Por eso le había dolido tanto. Por eso no se arrepentía. Por eso estaba preso; porque quería pagar; porque su unión era, o eso creía él, algo único, indestructible, eterno. Y cuando descubrió que no, que resulta, a pesar de todo lo que habían pasado juntos, que Wanda no creía en lo mismo que él; que Wanda se había arrojado en los brazos de otro hombre, todo su ser se rompió, el abismo se abrió ante él y por allí se fue su vida, su futuro, su amor.

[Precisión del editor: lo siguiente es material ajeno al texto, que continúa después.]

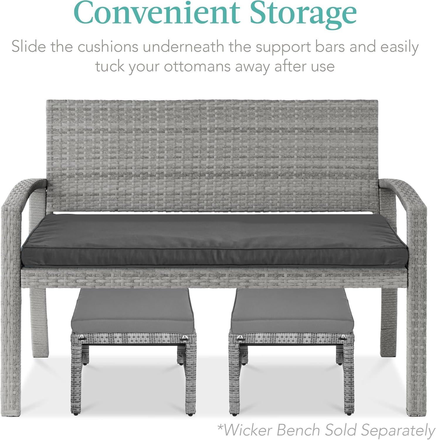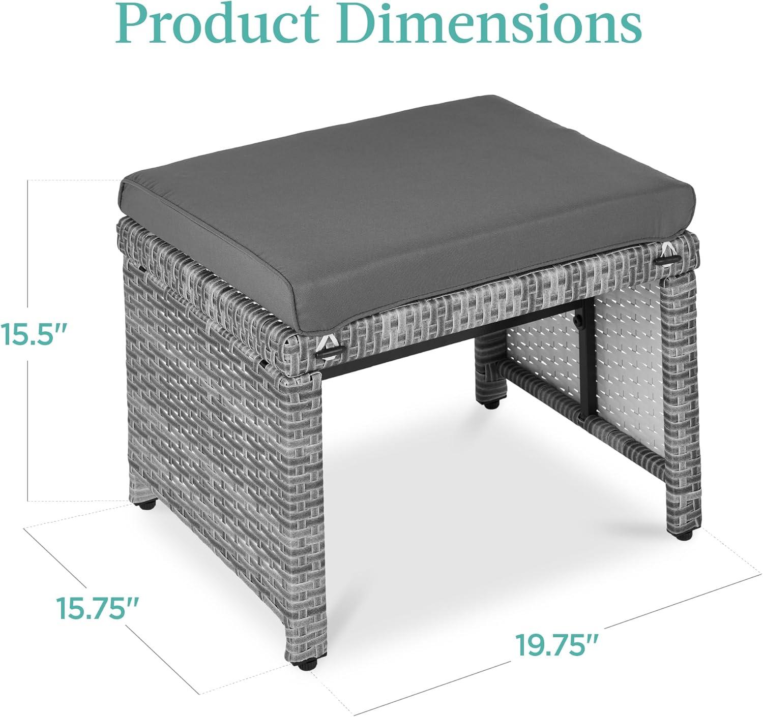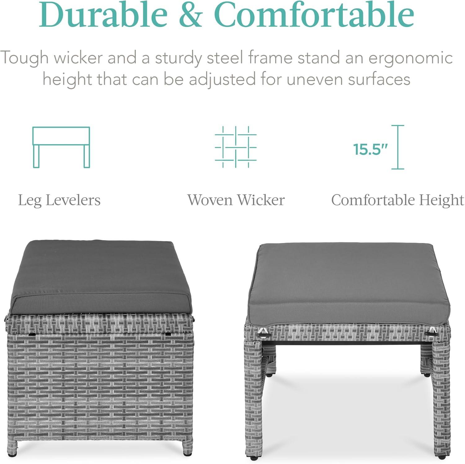 Best Choice Products Set of 2 Wicker Ottomans, Multipurpose Outdoor Furniture for Patio, Backyard, Additional Seating, Footrest, Side Table w/Removable Cushions, Steel Frame - Gray/Cream(Gray/Gray)

La semana había resultado bastante dura; entre José y el capataz habían tenido que transportar varios centenares de reses hasta el mercado de Tucson, a más de doscientas millas de distancia. Gracias a dios, el temporal de viento había amainado con lo que el traslado resultó bastante más rápido y sencillo de lo que en un principio había pensado, por lo que pudo regresar un par de días antes de lo previsto. El capataz se había quedado en Tucson disfrutando de un más que merecido descanso; tenía familia en la ciudad y José era un jefe comprensivo. Pensó en telegrafiarle a Wanda su regreso pero, cuando ya estaba en la oficina de telégrafos de Tucson se lo pensó mejor – le daré una gran sorpresa – se dijo.
A partir de ese momento todo se reduce a una sucesión de imágenes sin sentido; un caos emocional y físico; la nada. Por eso las visitas del Padre Vicente, enviado urgentemente por su padre el gran Gálvez, le dibujan una triste sonrisa en el rostro.
-          Ya está otra vez aquí ese cura cargante – piensa cuando oye vocear al carcelero de turno - ¡Visita para el número nueve!
-          ¡Hijo, arrepiéntete al menos! El alcaide me ha confirmado que la próxima semana te ahorcarán.
-          Padre, ni me arrepiento, ni me da miedo la eternidad. Creo en Dios y en su juicio. Estoy totalmente dispuesto para ir en su busca.
Bastantes años después la historia de José Gálvez serviría de inspiración para una canción tan desgarradora como su historia.